The task → Each line that holds the word "VISTA" counts once; give the total for the records below and nothing else.

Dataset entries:
□ □ □ □

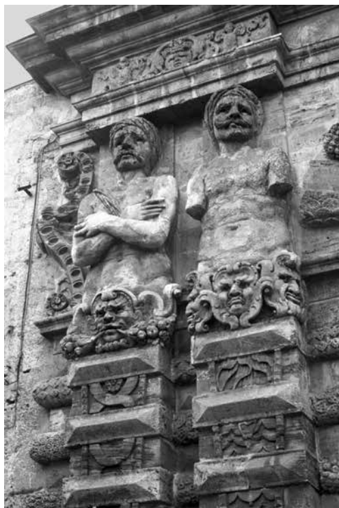
Ill. 8. Palermo, dettaglio delle erme di Porta Nuova.

testa mozzata di Oloferne; riconoscere in questa occasione una allegoria dello scontro tra religioni non è molto difficile.
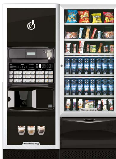
VISTA L + LEI700 PLUS

VISTA L , distributeur automatique réfrigéré à 3° pour la vente de produits snacks , sandwiches , produits frais , boîtes et bouteilles , disponible en version slave .
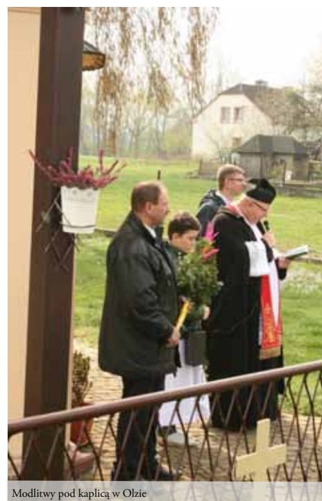
Modlitwy pod kaplicą w Olzie

□ □ □ □

Result for this task → 2